==== GIVEN DATA ====
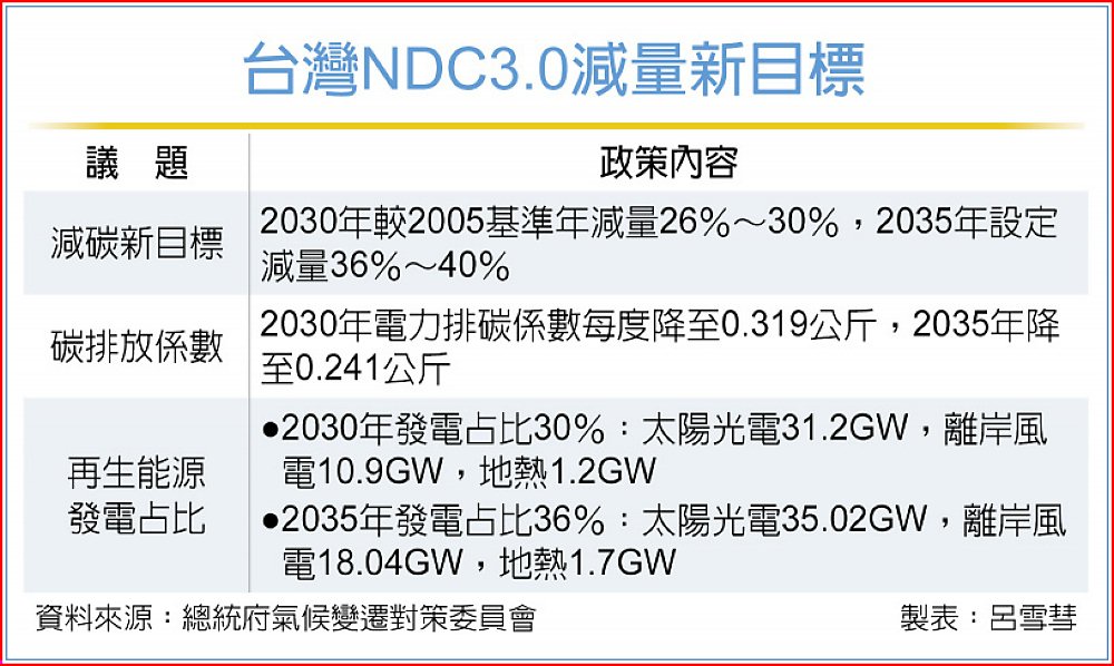 聯合國COP30大會預計10日在巴西登場,行政院近日可望核定台灣加速接軌國際NDC3.0減碳目標,在本周對外並向國際宣示,設定2030我國減碳較2005年基準年將加大減量26%~30%,2035年則減量36%~40%。其中,拍板綠電占發電配比2030年要達到3成,惟光電、風電開發落後,存在不小挑戰。
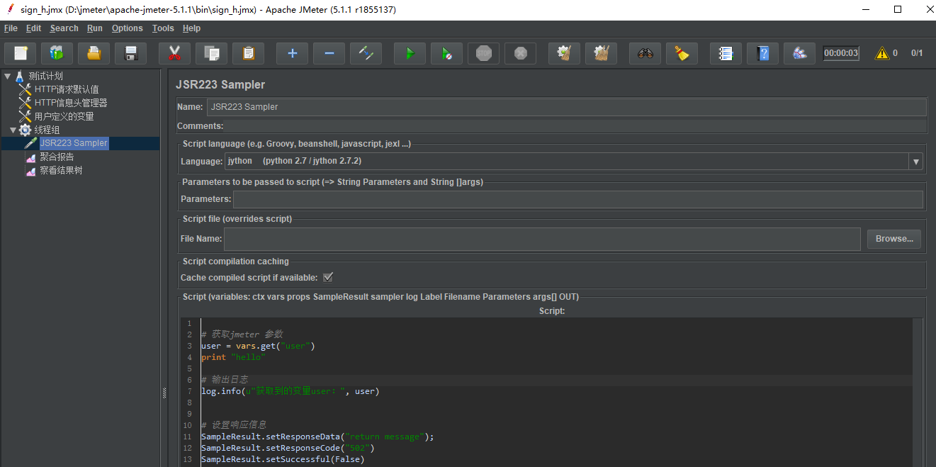 前面在 BeanShell 里面是通過 java 腳本實現請求的預處理,jmeter里面也可以調用python的腳本,需安裝 jython.jar 的插件.
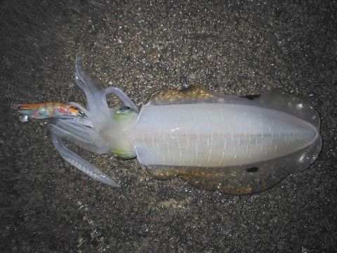 釣れるのは良いのですが、リリーサイズばかり、しかもどんどんサイズが小さくなっています。(^^ゞ やがて東の空が明るくなってきたので、港湾外を狙ってみる事にしました。 1投目、2回目のシャクリでヒット! ちょっと良いサイズです。 釣れたのは胴長18cmのアオリイカでした。 さっきまでチビばかり釣っていたので、これでも結構な大物に見えてしまいます。
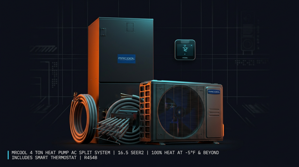 The MrCool 4 Ton Heat Pump AC Split System delivers year-round comfort with 16.5 SEER2 efficiency and exceptional cold-climate heating that maintains 100% output at -5°F and beyond. This complete system includes the CENTRAL-48-HP-C-230B00-O condenser, MVP-48-HP-MUAH-230A00-O air handler, R454B lineset, and MST04 smart thermostat. It’s built for homeowners in cold climates who need reliable heating without supplemental electric resistance.
====
- _ACTIVITY_: Without including any pictures, reproduce the data exactly.

- _EXERCISE OUTPUT_:
 聯合國COP30大會預計10日在巴西登場,行政院近日可望核定台灣加速接軌國際NDC3.0減碳目標,在本周對外並向國際宣示,設定2030我國減碳較2005年基準年將加大減量26%~30%,2035年則減量36%~40%。其中,拍板綠電占發電配比2030年要達到3成,惟光電、風電開發落後,存在不小挑戰。
 前面在 BeanShell 里面是通過 java 腳本實現請求的預處理,jmeter里面也可以調用python的腳本,需安裝 jython.jar 的插件.
 釣れるのは良いのですが、リリーサイズばかり、しかもどんどんサイズが小さくなっています。(^^ゞ やがて東の空が明るくなってきたので、港湾外を狙ってみる事にしました。 1投目、2回目のシャクリでヒット! ちょっと良いサイズです。 釣れたのは胴長18cmのアオリイカでした。 さっきまでチビばかり釣っていたので、これでも結構な大物に見えてしまいます。
 The MrCool 4 Ton Heat Pump AC Split System delivers year-round comfort with 16.5 SEER2 efficiency and exceptional cold-climate heating that maintains 100% output at -5°F and beyond. This complete system includes the CENTRAL-48-HP-C-230B00-O condenser, MVP-48-HP-MUAH-230A00-O air handler, R454B lineset, and MST04 smart thermostat. It’s built for homeowners in cold climates who need reliable heating without supplemental electric resistance.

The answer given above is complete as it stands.